Now that we’ve covered the process flow in the previous part of this series, let’s get down to the nitty-gritty part of the work. If you follow these steps, you’ll eventually end up with a certain set of information, including a high-level design (HLD) document, access credentials, a list of devices with access information, and more.

The goal of network discovery is to analyze and document the existing network to a specific level of detail. In other words, creating a low-level design (LLD) document from the known and existing HLD document (or a similar set of information).

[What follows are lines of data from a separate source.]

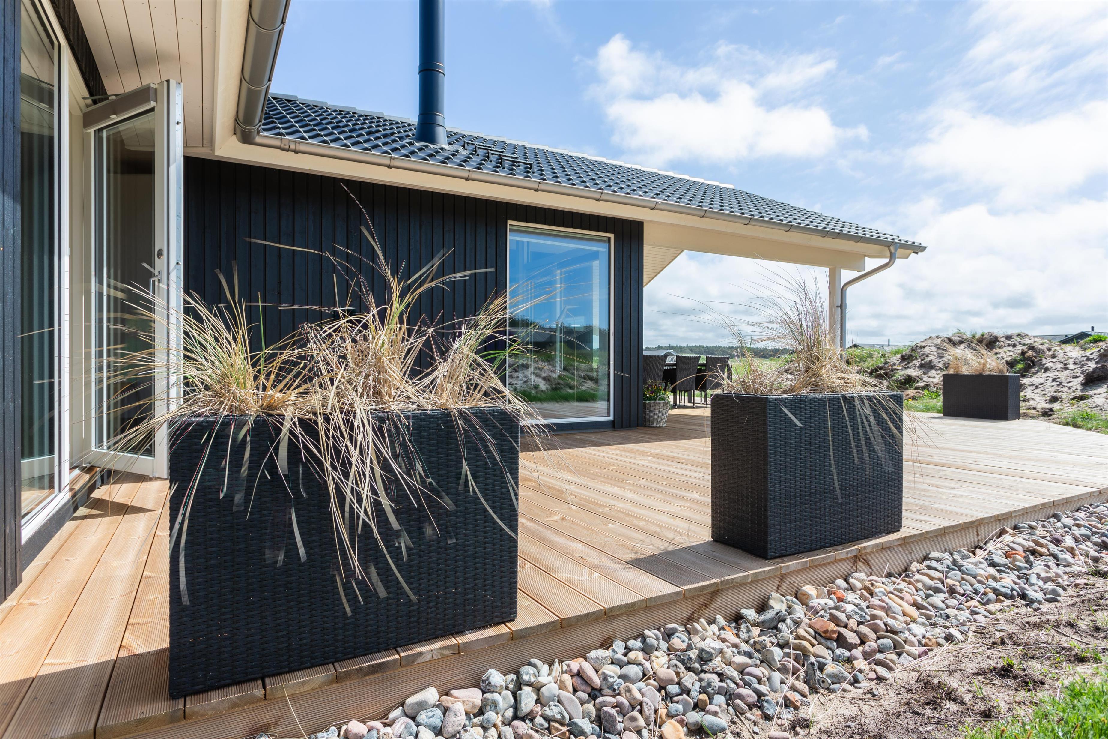 Feriehuset byder på et imponerende, delvist overdækket terrassemiljø med hyggelige lækroge, hvor I kan slappe af og nyde den friske duft af Vestkysten og de smukke omgivelser. Efter en tur til stranden kan I samle familien til hyggelige stunder på den store, sydvendte terrasse, der er ideel til afslapning og sommerhushygge.
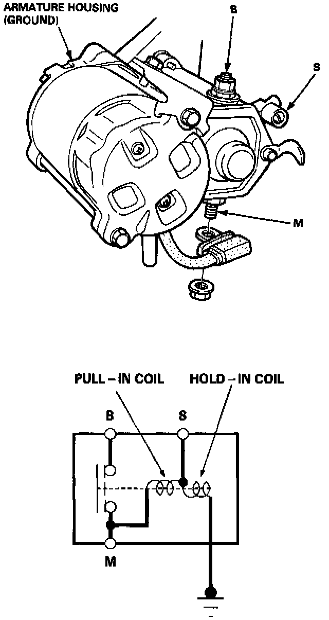1. Check the hold-in coil for continuity between the S terminal and the armature housing (ground). Coil is OK if there is continuity.
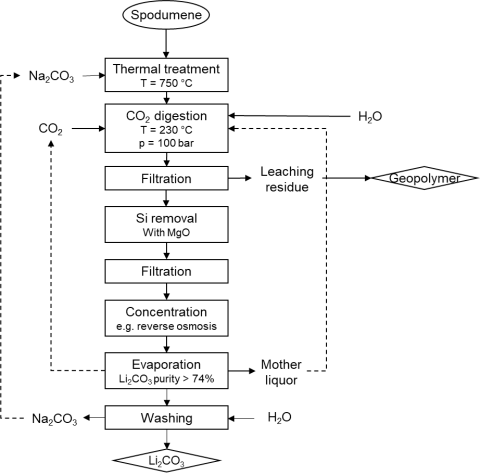 The liquid-to-solid ratio is an important parameter in this process. A higher ratio results in a smaller amount of spodumene being leached in a larger volume of water, leading to lithium concentrations in the solution that are 8-9 times lower compared to processes with lower liquid-to-solid ratios, although the percentage of lithium recovery is only slightly reduced. The downstream stage, after filtration and digestion, requires significant energy consumption during evaporation. To address this, initial tests were performed using nanofiltration. Ideally, nanofiltration would enable the separation of lithium from sodium, the main impurity, by concentrating the solution with lithium ions; however, due to the unavailability of lithium-selective membranes and considerable lithium loss (more than 25 %) with alternative membranes, this method was not pursued further. Subsequently, reverse osmosis membranes were utilized, successfully concentrating the solutions in the retentate and maximizing water removal prior to precipitation and lithium carbonate (Li₂CO₃) isolation. In the case of reverse osmosis, the lithium loss is lower than 1.5 %.
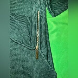 Elegant green sweater featuring a stylish gold zipper. Ideal for versatile wear.

But first, let’s make sure we understand the HLD and LLD a little better:

  • High-Level Design (HLD) — is like a global overview of the network, with a basic description of all the modules and parts, without the unnecessary details, so that the reader can understand the main functions
  • Low-Level Design (LLD) — add details to the HLD

In this case study example that we’re using to demonstrate the possible methods and concepts for the whole series, the HLD is very simple:

  • The size of the network is about 20–30 devices with approximately 10–15 connected hosts
  • Two routers are like exit points for all the traffic, connected to the switching core on the LAN side. There is also a VPN block and a DC block connected to the same switching core to provide various functions.
  • All the devices are managed manually through SSH or TELNET, use local credentials, and use specific SNMP community string for management purposes
  • The whole IP addressing scheme is based on the private IP addresses, mostly from 172.16.0.0/12 and using other IPs from the RFC 1918. Additionally, 172.31.100.0/24 is allocated for the management loopbacks.

Now that we have all the information we need let’s start with the real work — discovering the network.

Please note that this whole lab is virtual and based on the IOL devices; therefore the switch is identified as “linux_l2” and router as “linux-l3.”

The Manual method

So that we can see how beneficial IP Fabric is, we’ll need to go over the traditional manual method of discovering a network.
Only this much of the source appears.